Это письмо — сумбур и страх, как и все, чем живет в последнее время Леличка. Оно меня напугало. Но я не знала, в какую сторону направить свое наблюдение.
Говорила с Александром Эриковичем.
Он сказал:
— Не пугайтесь и, главное, не пугайте Саны. Эта Ольга Владимировна всегда что-то выдумывает. Во всякой случае, весь день будем иметь за ними наблюдение.
Старец был у Головиных[184]. Мама звонила мне, что Илиодор приехал, говорил со старцем. Беседа мирная. Дружно обсуждали. Поехали в Ярославское подворье, где ждал епископ Гермоген. Старец доволен.
Выслушав это сообщение, Мама успокоилась. Думала, Александр Эрикович прав. Леличка преувеличивает. Они сговорились, значит — все хорошо. Успокоилась, хотя в душе не доверяла Илиодору. Но, думала я, он боится старца, а потому смирится и убедит епископа Гермогена тоже смириться. Их, конечно, терзает зависть к старцу. Но они должны смириться.
Когда приехал старец, мы все поняли.
Я омывала его ноги слезами. Как они смели! Как смели!
Били… истязали… могли убить…[185] И только испугались Божьего суда…
Когда они подняли руки на старца, он, старец, сказал:
— Да будет воля Твоя!
И рука епископа Гермогена повисла, как плеть.
Свершилось нечто страшное. Они пошли открытым бунтом против старца и против Папы и Мамы. Знают ли они, какая судьба их ждет?[186]
Леличка, обливая слезами руки старца, шепчет все то же:
— Примирите, примирите их… Или случится большое горе! — Старец говорит:
— Поздно. Я еще надеялся на то, что они поймут… что им без меня нельзя… А они, вот, не понимают… Думали, убьют Григория — к Маме пройдут… Врут, проклятые!
Когда вечером пришел Илиодор, этот бунтовщик, этот одержимый гордостью и злобой дьявольской в смиренной одеянии монаха, то я молила Бога:
— Всели в меня, Господи, дух смирения, не Дай нанести оскорбление принявшему сан!
И, когда он заговорил, я отошла к окну, боялась на него смотреть. А когда старец сказал, указывая на Илиодора: «Заманили и хотели убить… Крестом… крестом убить», то я почувствовала, что готова броситься… рвать… терзать…
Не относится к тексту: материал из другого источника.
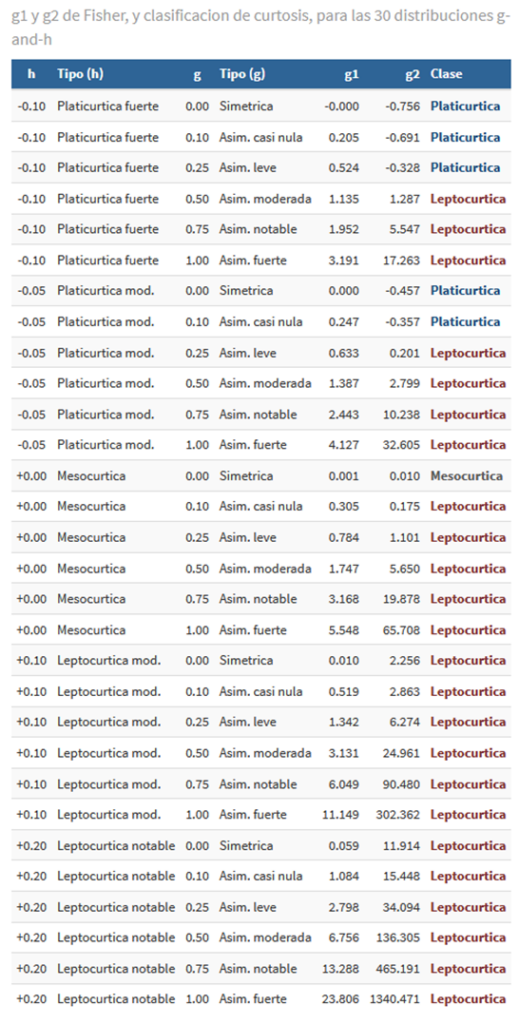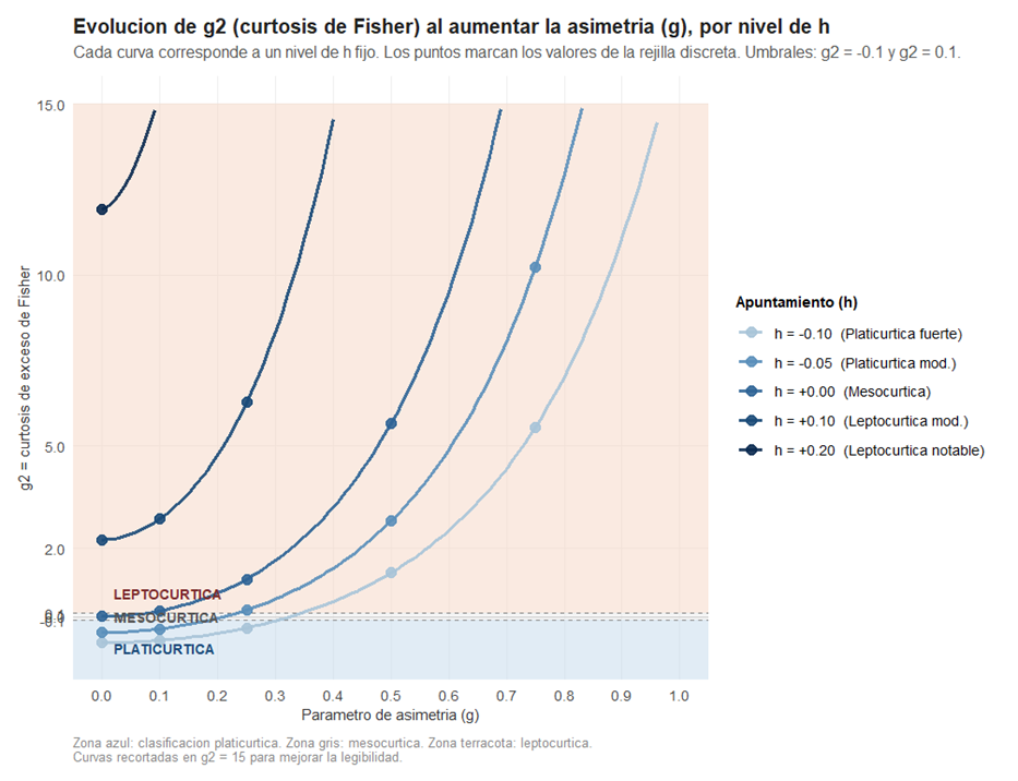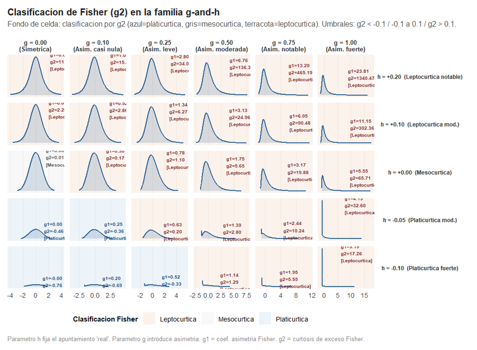 Las conclusiones son inmediatas. Para h = −0.10 y h = −0.05 —distribuciones platicúrticas reales—, Fisher cambia su clasificación a leptocúrtica con g = 0.50 y g = 0.25 respectivamente. Para h = 0.00 —distribución mesocúrtica real—, el cambio ocurre ya en g = 0.10. Las distribuciones con h positivo no cambian de clase —siempre son leptocúrticas para Fisher—, pero eso no las exime del problema: sus valores de g2 se inflan de forma tan pronunciada que cualquier comparación cuantitativa entre ellas queda distorsionada.

И когда Александр Эрикович поднял свой кулак[187], я вспомнила его слова:
— Этой рукой сам 80 революционеров казнил!
Да, я знаю, что Александр Эрикович умеет отстаивать друзей Папы и Мамы…
Очевидно, о том же подумал и Илиодор, глядя на кулак Александра Эриковича, потому что голос его стал тише, когда он стал пробираться к двери.
Смиренный схимник, одержимый бесовской гордостью, — о, как я его ненавижу! И нет таких мучений, которые могли бы искупить его грех перед старцем. Знал ли он, понимал, на кого поднял свою руку?
Когда он ушел, старец мрачно поник головой.
— Не хотел с ним войны. Пожалеть его хотел… А он сам… сам себе яму копать хотел…
Вскоре все разъехались.
Я осталась со старцем. И он тихо сказал:
— Аннушка, они не меня, а Папу… Маму оскорбили… И я рад за них пострадать… Но зачем они такую злобу имеют?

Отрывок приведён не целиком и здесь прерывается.